Analyses of DNA sequence and morphological data separately
The combined cpDNA matrix, which comprises six chloroplast regions of trnL-F, matK, rps16, atpI-atpH, trnH-psbA, and trnT-L, had aligned sequences of 5662 bp, of which 4719 (83.35 %) were constant, 560 (9.89 %) were variable but uninformative, and 383 (6.76 %) were parsimony informative. We were unable to amplify cpDNA regions from P. confluens. Modeltest indicated GTR + G as the best-fit model for the cpDNA sequence data. The strict consensus of 6 trees yielded by MP (Maximum Parsimony) analysis (L = 1182, CI = 0.884, RI = 0.873) was generally congruent with the ML (Maximum Likelihood) tree and the majority rule BI (Bayesian Inference) tree in the topology (Additional file 1: Figure S2). Support values less than 50 % are marked with asterisk.
In the nuclear DNA analysis with P. confluens added to the matrix, the ILD (incongruence length different) test gave a p value of 0.42, indicating that the sequence data from ITS and PeCYC1D were congruent. The combined nuclear DNA matrix of ITS and PeCYC1D consisted of 1662 bp, of which 1213 (72.98 %) were constant, 228 (13.72 %) were variable but uninformative, and 221 (13.3 %) were parsimony informative. Modeltest indicated GTR + G as the best-fit model for the combined nuclear DNA data. The strict consensus of eight trees from MP analysis (L = 642, CI = 0.872, RI = 0.849) was congruent with the ML tree and the majority rule consensus BI tree (Additional file 1: Figure S3).
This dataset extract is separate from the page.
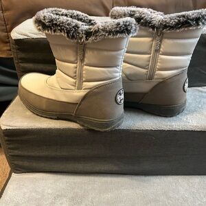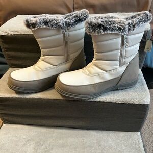 Totes Ada winter boots with cozy faux fur trim. Stylish and warm. Ideal for cold weather.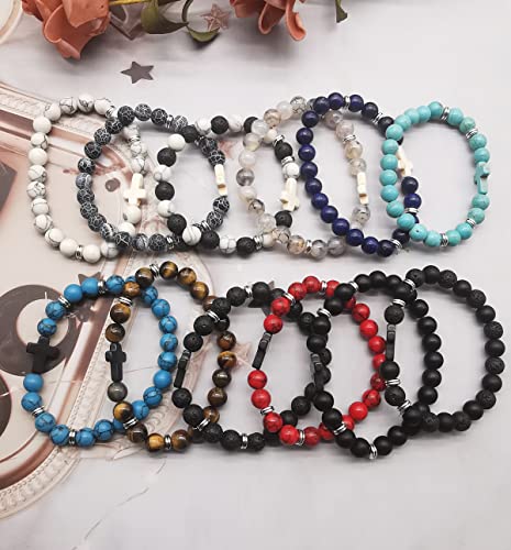12Pcs Fashion Religion Cross Men Women 8mm Natural Stone Lava Tiger Eye Stretch Anxiety Bracelets Unisex 7.5" 6

In the combined cpDNA and nuclear DNA analysis, P. rosettifolia and P. longianthera were removed because of their obvious topological differences between cpDNA and nuclear DNA data, but P. confluens was included despite lacking cpDNA data. The ILD test gave a value of p = 0.25, indicating that the data from the two distinct genome regions excluding these two species did not contain significant incongruence. Modeltest suggested that the GTR + G model best fit the combined data. The combined datasets consisted of 7320 bp, 774 (10.57 %) of which were variable and 587 (8.02 %) parsimony informative sites. Parsimony analyses resulted in a single tree (L = 1767, CI = 0.886, RI = 0.872) which was congruent with the ML tree and the majority rule consensus BI tree (Fig. 2).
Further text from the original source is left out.